→ **PROBLEM TO SOLVE**: Output each record verbatim, with pictures left out.

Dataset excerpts
....................
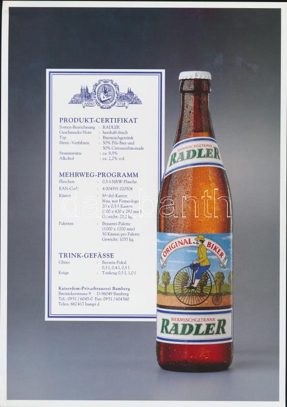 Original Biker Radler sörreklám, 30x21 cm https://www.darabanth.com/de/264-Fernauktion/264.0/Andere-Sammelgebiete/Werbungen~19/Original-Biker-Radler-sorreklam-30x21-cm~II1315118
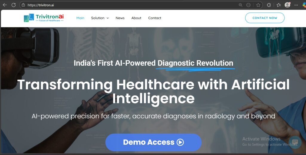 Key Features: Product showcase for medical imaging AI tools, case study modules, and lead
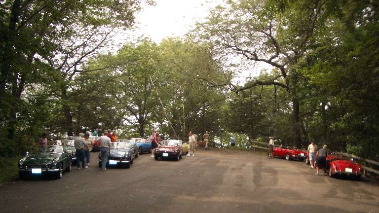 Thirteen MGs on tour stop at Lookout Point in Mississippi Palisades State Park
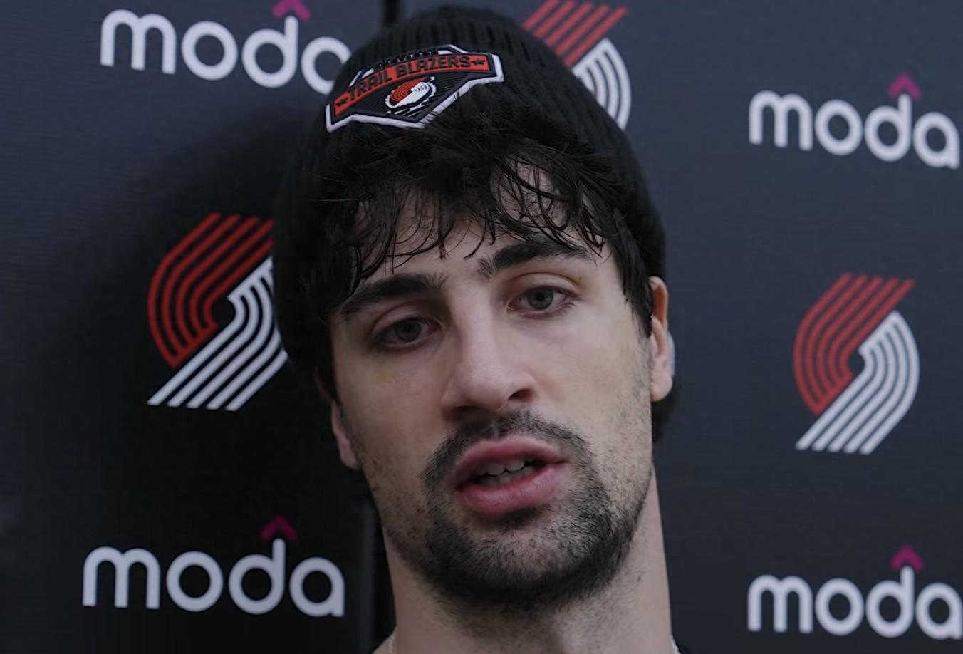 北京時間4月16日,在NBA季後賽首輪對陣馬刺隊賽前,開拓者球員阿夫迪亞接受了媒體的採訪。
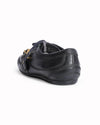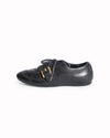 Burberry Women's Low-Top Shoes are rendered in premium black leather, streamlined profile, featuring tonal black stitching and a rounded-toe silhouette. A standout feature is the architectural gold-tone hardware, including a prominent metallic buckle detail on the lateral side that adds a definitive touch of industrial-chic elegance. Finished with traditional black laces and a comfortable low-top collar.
....................
→ **RESPONSE**:
 Original Biker Radler sörreklám, 30x21 cm https://www.darabanth.com/de/264-Fernauktion/264.0/Andere-Sammelgebiete/Werbungen~19/Original-Biker-Radler-sorreklam-30x21-cm~II1315118
 Key Features: Product showcase for medical imaging AI tools, case study modules, and lead
 Thirteen MGs on tour stop at Lookout Point in Mississippi Palisades State Park
 北京時間4月16日,在NBA季後賽首輪對陣馬刺隊賽前,開拓者球員阿夫迪亞接受了媒體的採訪。
 Burberry Women's Low-Top Shoes are rendered in premium black leather, streamlined profile, featuring tonal black stitching and a rounded-toe silhouette. A standout feature is the architectural gold-tone hardware, including a prominent metallic buckle detail on the lateral side that adds a definitive touch of industrial-chic elegance. Finished with traditional black laces and a comfortable low-top collar.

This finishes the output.